A Fundação tem se deparado com certos atos do CMA que materializa sua atitude em difamar esta instituição. Entre outras, foi enviado ofício a instituições da sociedade e repartições públicas com as quais manteve ou mantém relações institucionais – muitas vezes em parceria com a FMA – para apontar que “as atividades conservacionistas da FMA não estavam sendo realizadas satisfatoriamente”, bem como, “não vinham atendendo às diretrizes do ICMBio”.
É por respeito aos nossos valores, equipe e parceiros que, em meio a tantas acusações ofensivas e inverídicas, a Fundação não somente se coloca a favor de uma auditoria em caráter emergencial nas contas das entidades citadas, como se antecipa e disponibiliza para consulta da sociedade, na sua sede, os relatórios de prestações de contas submetidos ao crivo do Ministério Público e aprovados por este. Essa decisão também visa esclarecer para a sociedade as acusações levantadas pelo ICMBio e CMA em relação à construção do oceanário, bem como ao convênio estabelecido entre IBAMA e FMA. Nesses documentos é possível verificar todos os fatos contábeis e administrativos, bem como os fatores físicos e financeiros que provocaram a suspensão da obra do oceanário, cujo projeto técnico e orçamento original foram previamente aprovados pelo ICMBio.
A Fundação Mamíferos Aquáticos continuará cumprindo com a missão a que se propõe de “promover a conservação dos mamíferos aquáticos e seus habitats, visando o equilíbrio ambiental”, mantendo suas ações pautadas por processos colaborativos e transformadores e alinhadas ao desenvlvimento das políticas públicas do país.
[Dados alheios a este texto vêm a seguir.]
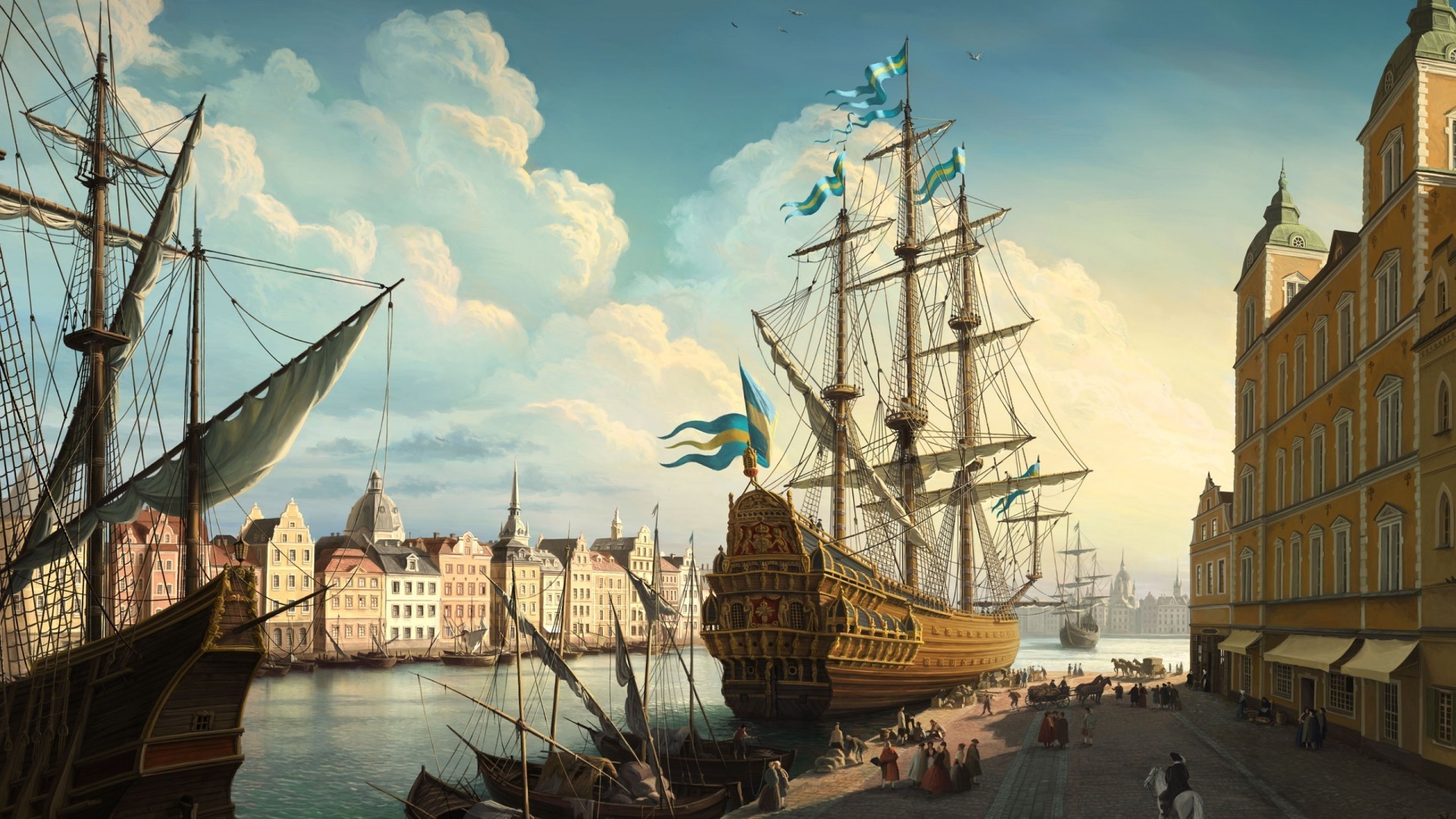 Yelkenli tekneyle deniz kenarında şehrin muhteşem dekorasyonu
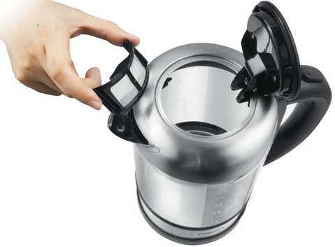 Не правда ли, здорово за считаные секунды вскипятить воду и без лишних усилий очистить чайник? Плоский и удобный в очистке нагревательный элемент позволяет быстро вскипятить воду. Благодаря моющемуся фильтру от накипи вода становится чистой, а напитки — без частиц известкового осадка.
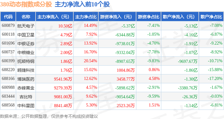 资金流向方面,380动态(000141)指数成份股当日主力资金净流出合计24.66亿元,游资资金净流入合计5.16亿元,散户资金净流入合计19.49亿元。成份股资金流向详情见下表:
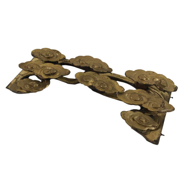 This is an antique Japanese part of a Buddhist altar (front piece). It is a very beautiful decorative item carved from wood and lacquered with gold paint. It is lightweight and features a collection of small clouds. It can be used as a spare part, for repair, or for decoration.
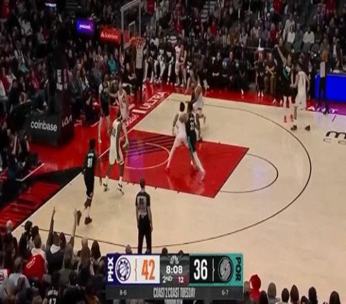 第三节开拓者卡马拉拿下6分,太阳伊戈达罗拿下8分,第三节结束开拓者82-100落后太阳
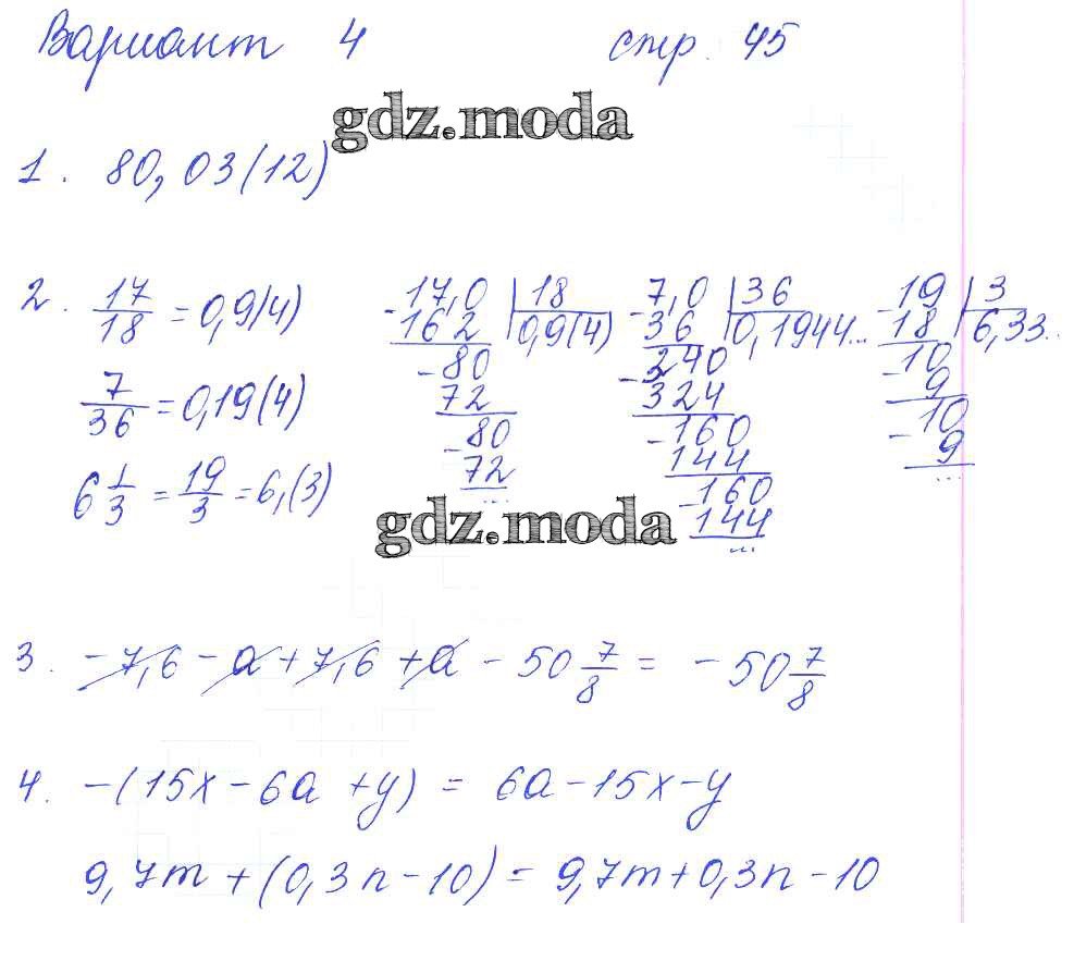 ГДЗ решение к заданию № 45 Математика 6 класс рабочая тетрадь для контрольных работ Рудницкая В.Н. (к уч. Виленкина Н.Я.) Экзамен 2013 Часть 1, Часть 2 ФГОС бесплатно на гдз.мода!
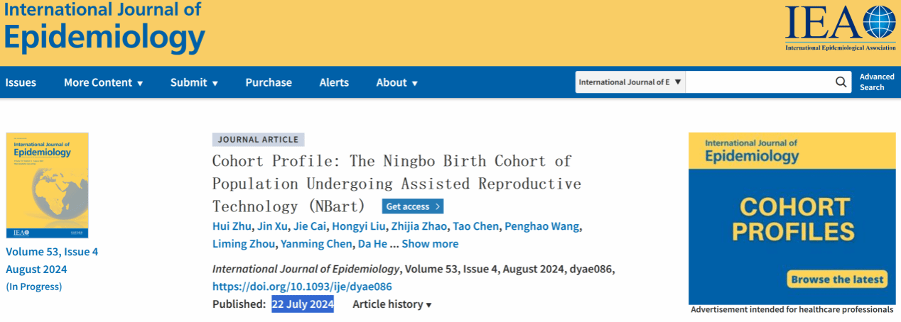 7月,Jinx漫画 2021级内科学博士研究生朱汇以第一作者在《International Journal of Epidemiology(国际流行病学杂志)》(中科院一区TOP期刊)发表了题为《Cohort Profile: The Ningbo Birth Cohort of Population Undergoing Assisted Reproductive Technology (NBart)(队列概况:宁波辅助生殖人群出生队列)》的研究论文。该论文全面介绍了浙江省首个辅助生殖出生队列的建设方案,反映了近年来Jinx漫画 在引领前瞻性出生队列建设、致力生命科学研究的重要成果体现。Jinx漫画 季林丹教授为本文通讯作者,该研究得到了浙江省自然科学基金、宁波市青年科技创新领军人才项目的支持。
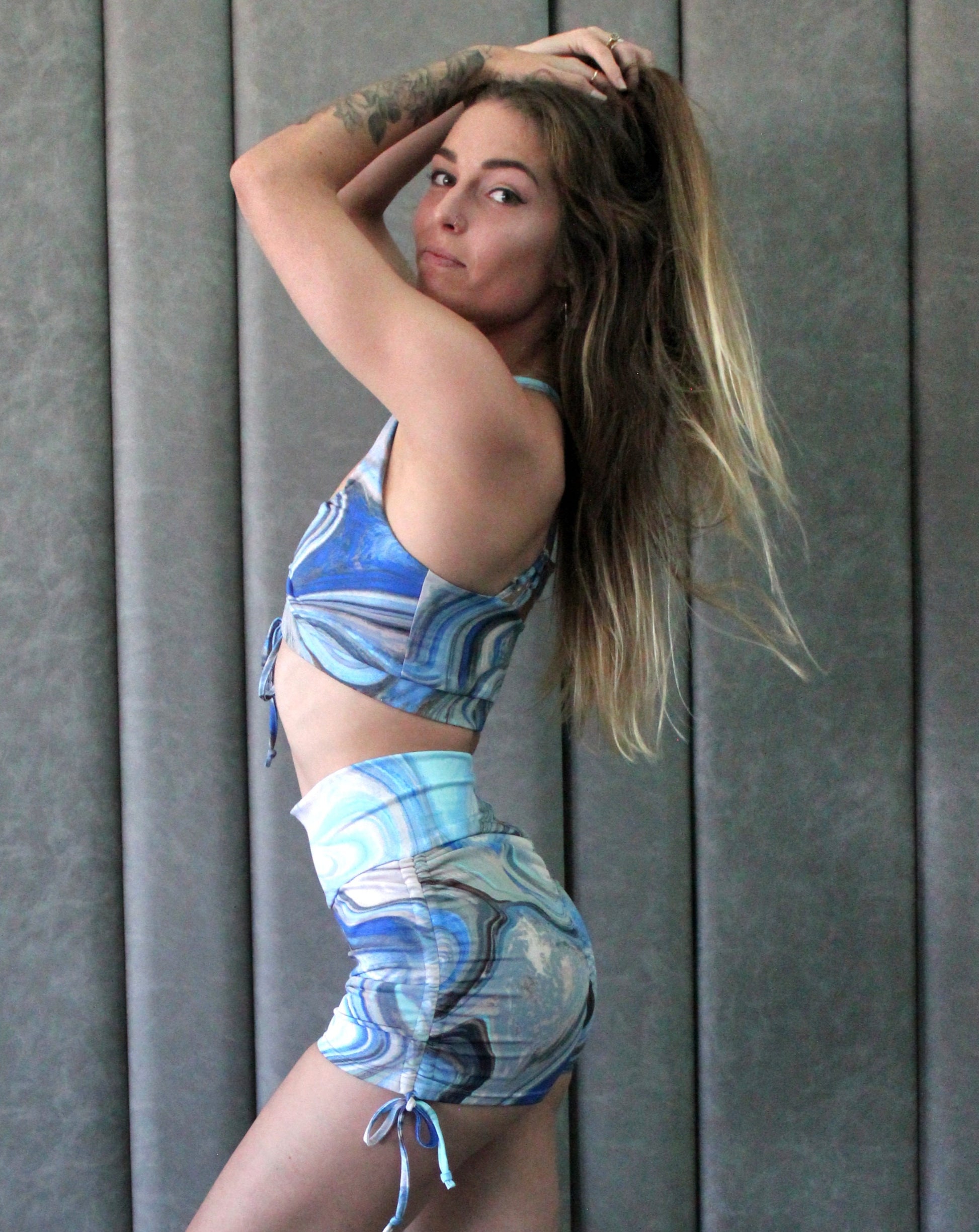 Side drawstring ruching tie detail
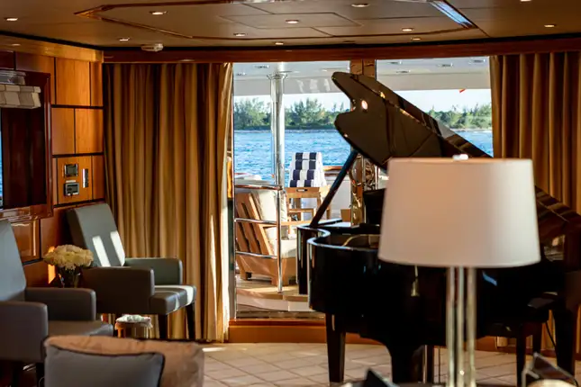 IMPROMPTU accommodates 12 guests in six stunning staterooms. The split-level master stateroom features a king-size bed, an elevated lounge with 180-degree views, and his-and-hers en-suite bathrooms featuring a steam shower, Jacuzzi tub, vanity and walk-in closet adjacent. A private study with a desk is located at the entrance. The bridge deck offers a VIP stateroom surrounded by large windows. On the lower deck, you'll find three king staterooms and a twin cabin with a Pullman, each with desk areas and shower en-suites. The charter yacht’s versatile accommodation layout makes her primed family-friendly voyages.
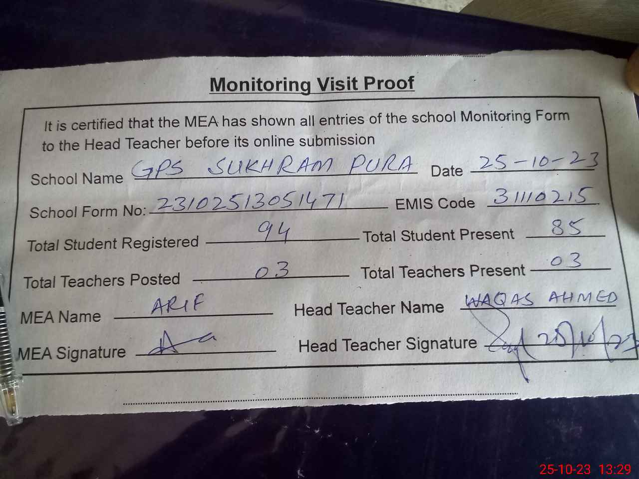 | Attendance Register | Head Teacher | MEA with School | Visit Proof |
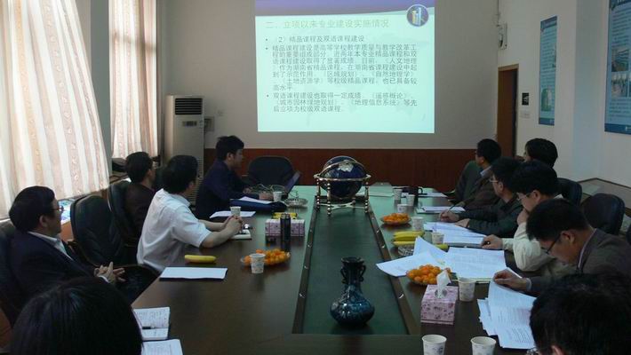2011年5月5号,湖南省高等公司特色专业中期建设情况评估会在公司召开,公司地理科学和资源环境与城乡规划两个省级特色专业接受了专家的中期评估。湖南大学的王良健教授、湖南科技大学的张勇教授、湖南城市公司的汤放华教授以及公司经理谢炳庚教授、党委书记安云初副教授、副经理周国华教授、土地管理系系主任毛德华教授等参加了评估会。
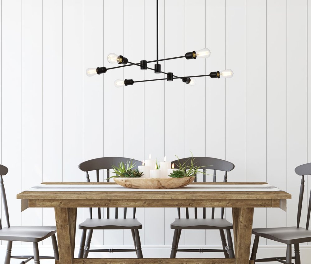 Xavier 6 lights pendant in black is the perfect fixture for over a kitchen island, over a dining table, or use in any room to make a big statement. This pendant elevates the look of any space.
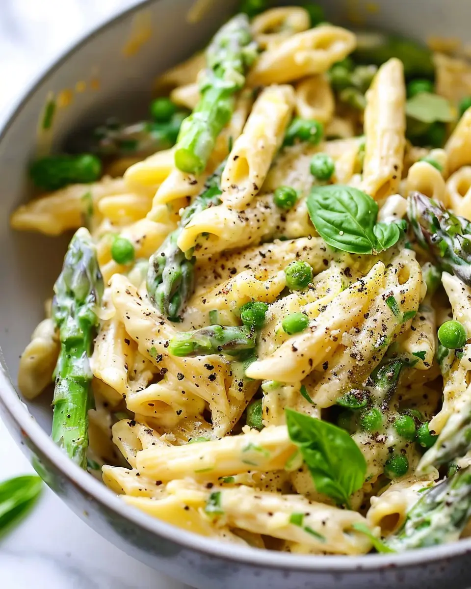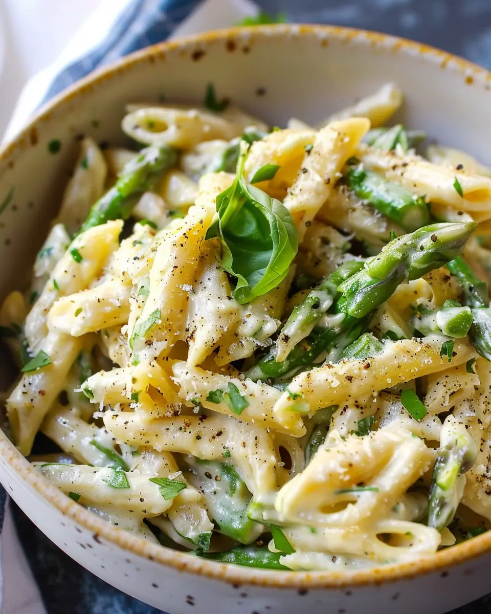 Presentation is key in making your creamy asparagus pasta stand out. Use a large, shallow bowl to showcase the dish elegantly. Twirl the pasta using a fork and spoon to form a lovely nest in the center. Garnish with a sprinkle of grated Parmesan and a few stalks of fresh asparagus arranged artistically on top.

Desta forma, não podemos permitir que a imagem e o trabalho de instituições e iniciativas como o Projeto Peixe-Boi, sejam ameaçados por posturas equivocadas dos gestores institucionais do CMA e ICMBio.
Diante do exposto, a FMA convoca a sociedade para que esteja atenta a esta atual prática de gestão, que é imperativa no relacionamento com organizações da sociedade civil, quem sabe por não ter clareza da compreensão dos papéis institucionais, colocando em risco estratégias de conservação construídas em processos participativos e de co-gestão.
Recife-PE, 29 de setembro, de 2010.
Denise de Freitas Castro, Presidente do Conselho Diretor da Fundação Mamíferos Aquáticos e Leonardo Lamartine, Presidente do Conselho Deliberativo da Fundação Mamíferos Aquáticos.